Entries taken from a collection
[Start of section]

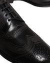 Dolce & Gabbana Black Embroidered Classic Leather Derby Dress Shoes
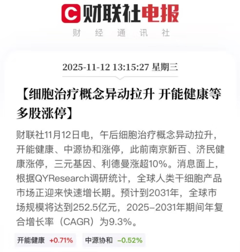 11月12日,A股市場見證了一場精彩的資本狂歡。干細胞概念股集體爆發(fā):[3]
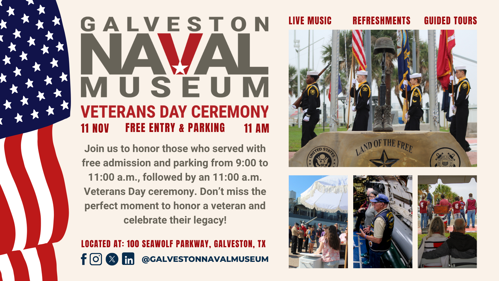 Join the Galveston Naval Museum for a free, public tribute this Veterans Day. It is a profound and patriotic gathering where our community comes together to honor the service, sacrifice, and legacy of our nation's brave veterans.
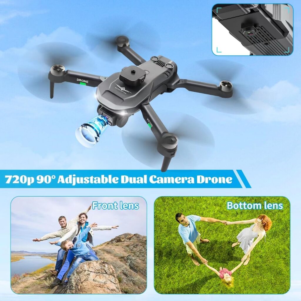 720P Dual CameraEquipped with a 720P 90° adjustable dual lens, this drone offers stunning real-time image transmission, perfect for both professional and personal aerial photography.
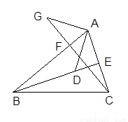 如圖:在△ABC中,BE、CF分別是AC、AB兩邊上的高,在BE上截取BD=AC,在CF的延長(zhǎng)線上截取CG=AB,連結(jié)AD、AG.
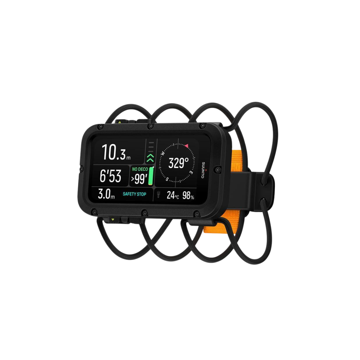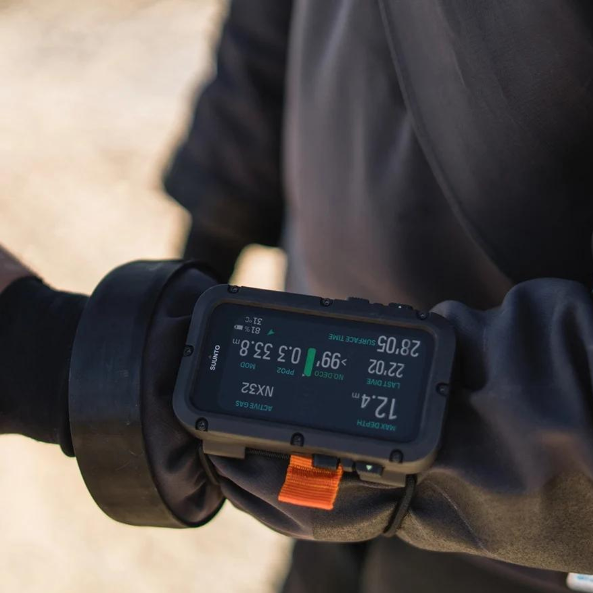 Wytrzymała, wodoodporna konstrukcja umożliwia wieloletnie użytkowanie nawet w ekstremalnych warunkach. Jasny wyświetlacz AMOLED zapewnia czytelność kluczowych danych, a intuicyjne przyciski dotykowe działają bez problemu nawet w grubych rękawicach do nurkowania. Elastyczny pasek z mocnym mocowaniem gwarantuje komfortowe dopasowanie do każdego skafandra.
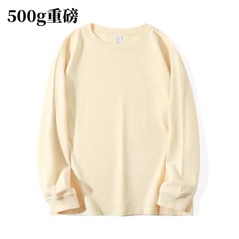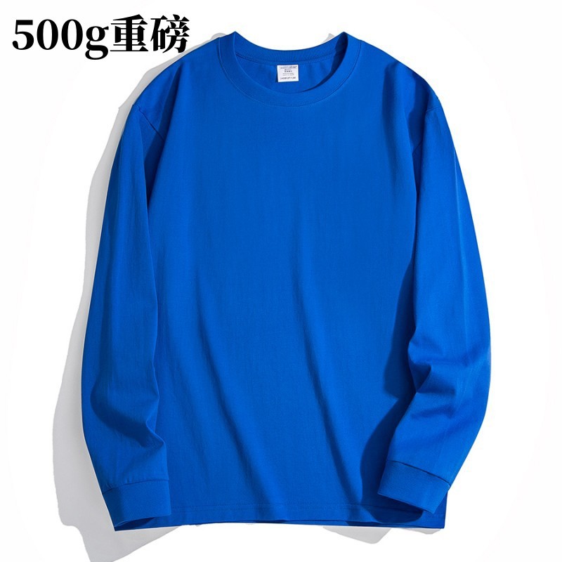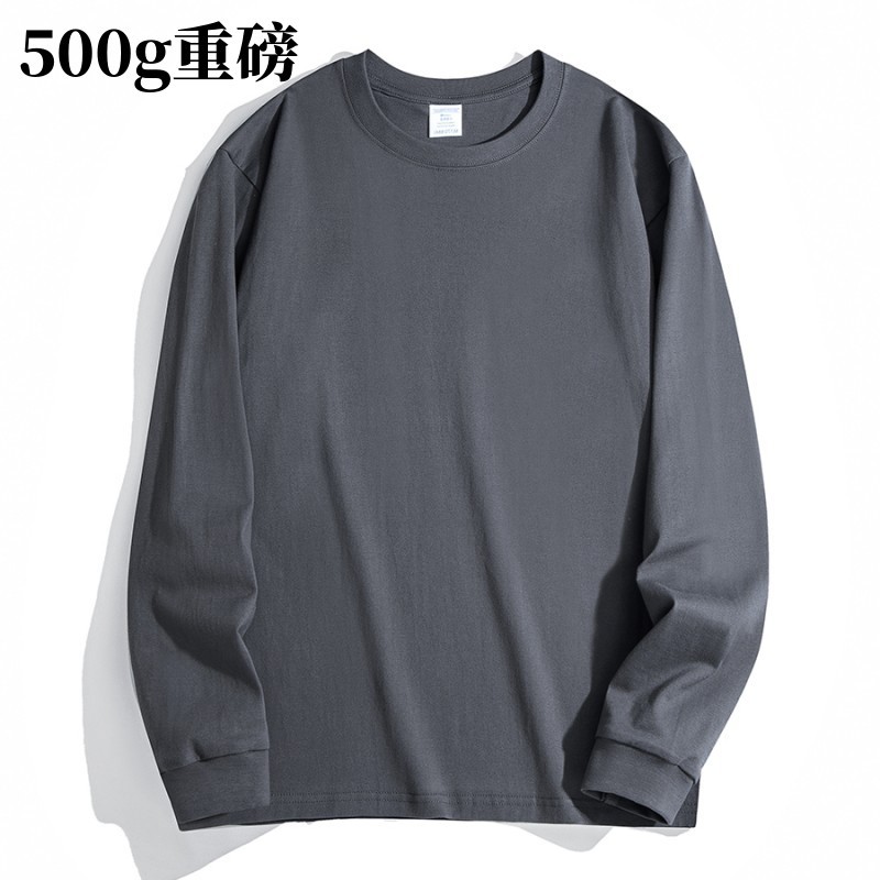 500g 헤비 퓨어 코튼 솔리드 컬러 티셔츠 남성과 여성베이스 셔츠 화이트 바디 셔츠 (순수 블랙 탑 남성용 롱 슬리브 티셔츠)스토어 가기
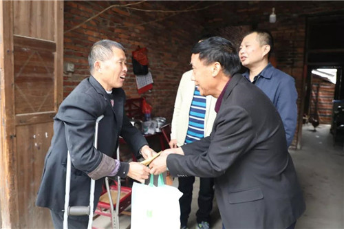 绿之韵集团党委副书记许达仲为刘良仁送上爱心慰问金和生活用品
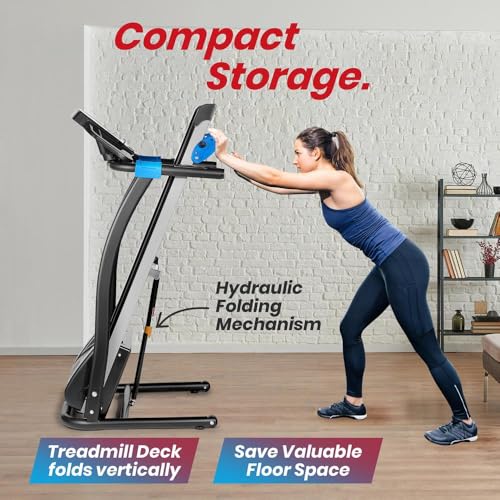 One of the standout features of this treadmill is its hydraulic folding system. After your workout, simply fold it up, and it stores away easily with minimal effort. With compact dimensions of just 21.65" L x 24.4" W x 46.4" H when folded, it’s a great choice for those who are limited on space but still want the benefits of a treadmill. Whether you’re living in a small apartment or just need to save room when not in use, this feature makes it a perfect solution.
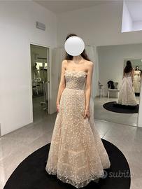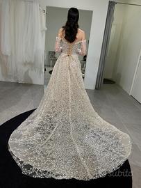 Abito da sposa mod. Coco Milla Nova semitrasparente, completamente ricoperto di paillettes e ricami floreali.
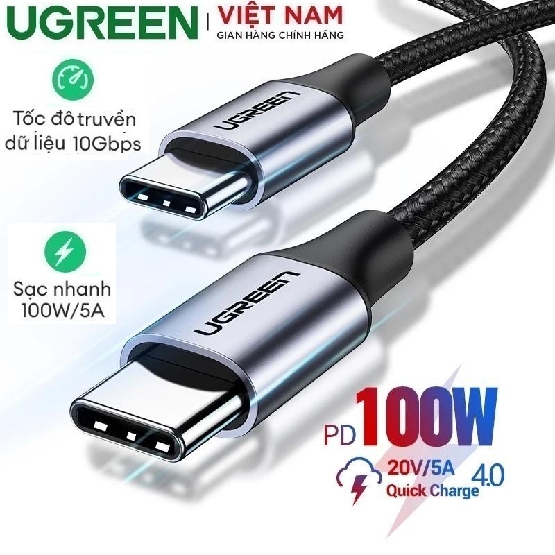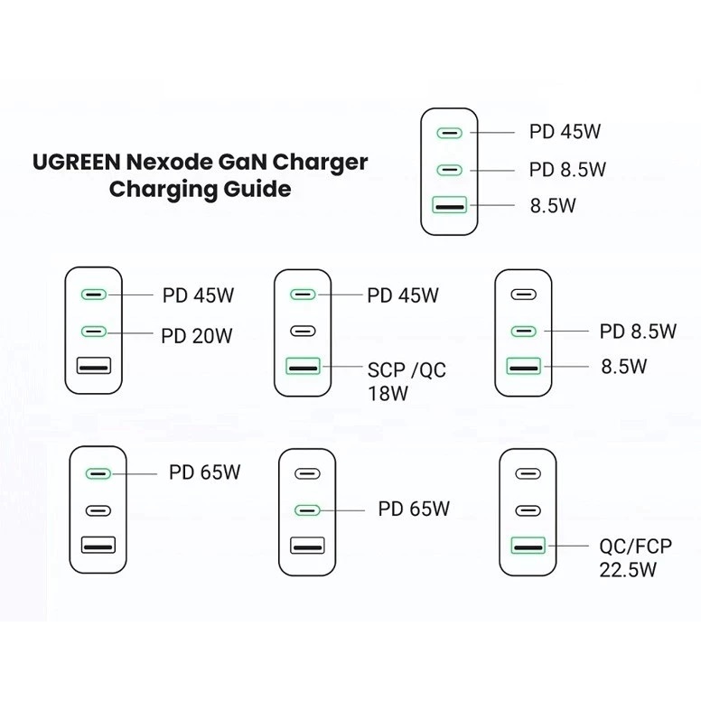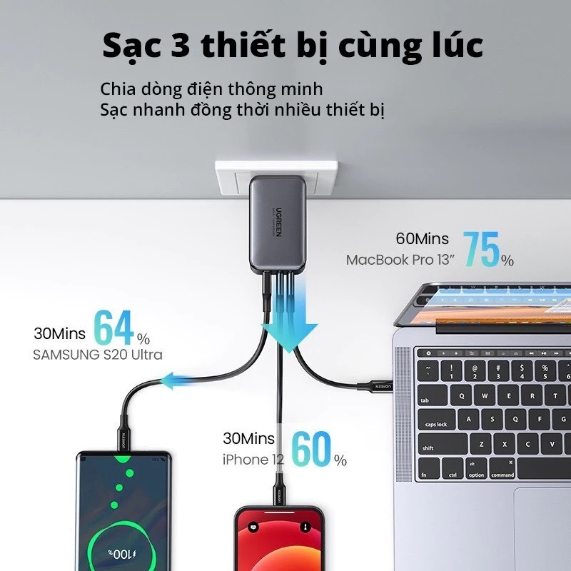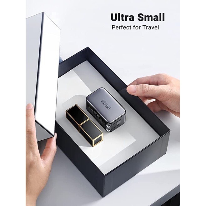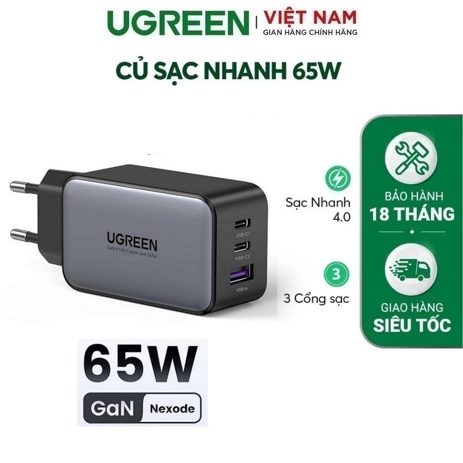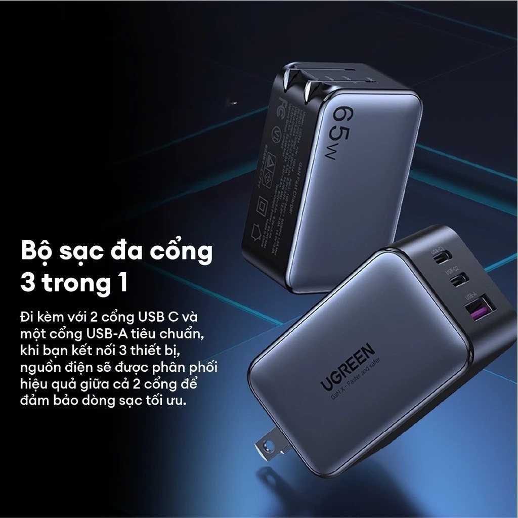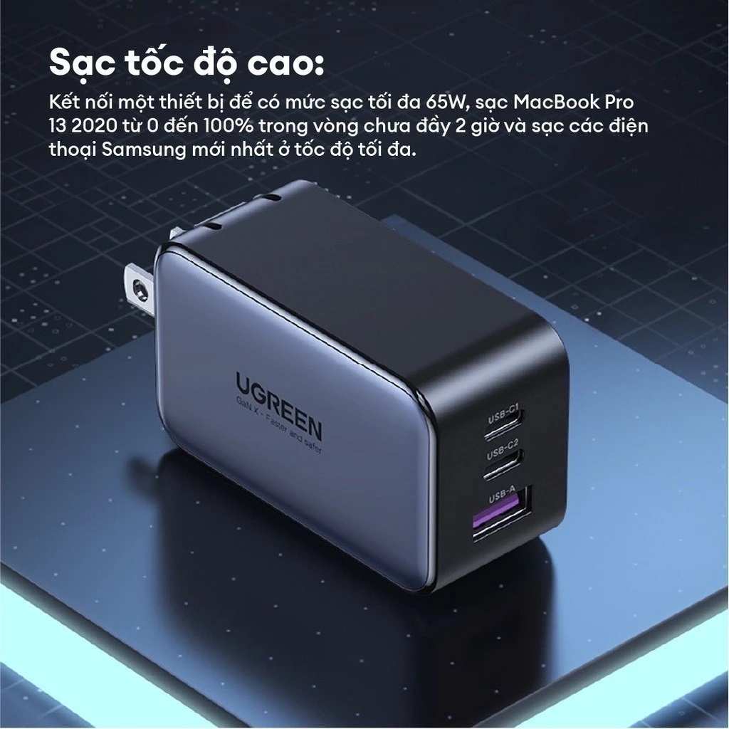Củ sạc nhanh GaN 65W (1 USB-A và 2 USB-C) công nghệ GaN màu đen chính hãng Ugreen 10334/10335 Cao Cấp

[End of section]

Leave every picture out, and repeat exactly the lines from the one containing "Abito da sposa" through the last line of the entries, both ends included.

 Abito da sposa mod. Coco Milla Nova semitrasparente, completamente ricoperto di paillettes e ricami floreali.
Củ sạc nhanh GaN 65W (1 USB-A và 2 USB-C) công nghệ GaN màu đen chính hãng Ugreen 10334/10335 Cao Cấp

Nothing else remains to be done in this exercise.